With this patch I propose adding a per md device max number of
corrected read attempts.  Each rdev will maintain a count of
read correction attempts in the rdev->read_errors field (not
used currently for raid10). When we enter fix_read_error()
we'll check to see when the last read error occurred, and
divide the read error count by 2 for every hour since the
last read error. If at that point our read error count
exceeds the read error threshold, we'll fail the raid device.

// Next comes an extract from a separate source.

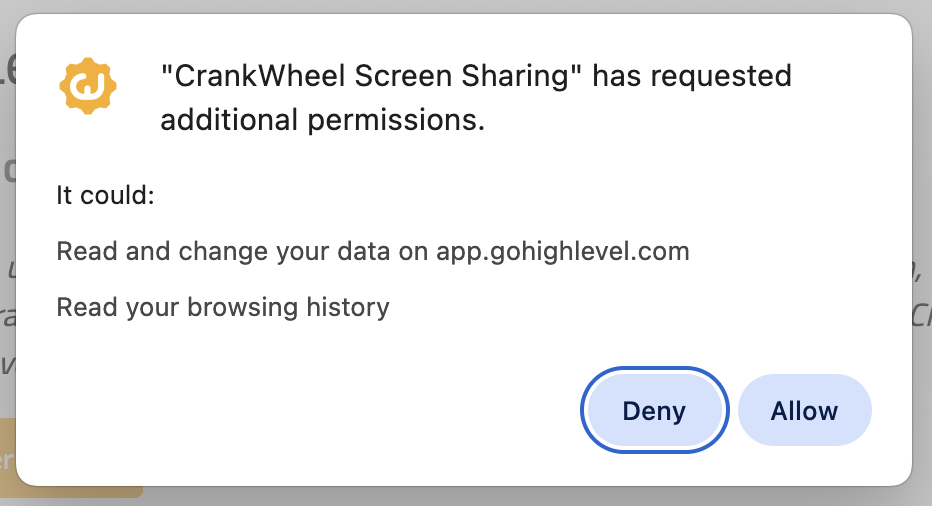 A dialog will open asking you if you want to allow the CrankWheel extension to read or edit pages on app.gohighlevel.com. Click Allow to enable the extension.

In addition in this patch I add sysfs nodes (get/set) for
the per md max_read_errors attribute, the rdev->read_errors
attribute, and added some printk's to indicate when
fix_read_error fails to repair an rdev.

For testing I used debugfs->fail_make_request to inject
IO errors to the rdev while doing IO to the raid array.

Signed-off-by: Robert Becker <Rob.Becker@riverbed.com>
Signed-off-by: NeilBrown <neilb@suse.de>
---
 drivers/md/md.c     |   34 +++++++++++++++++++++++
 drivers/md/md.h     |    4 +++
 drivers/md/raid10.c |   74 +++++++++++++++++++++++++++++++++++++++++++++++++++
 3 files changed, 112 insertions(+), 0 deletions(-)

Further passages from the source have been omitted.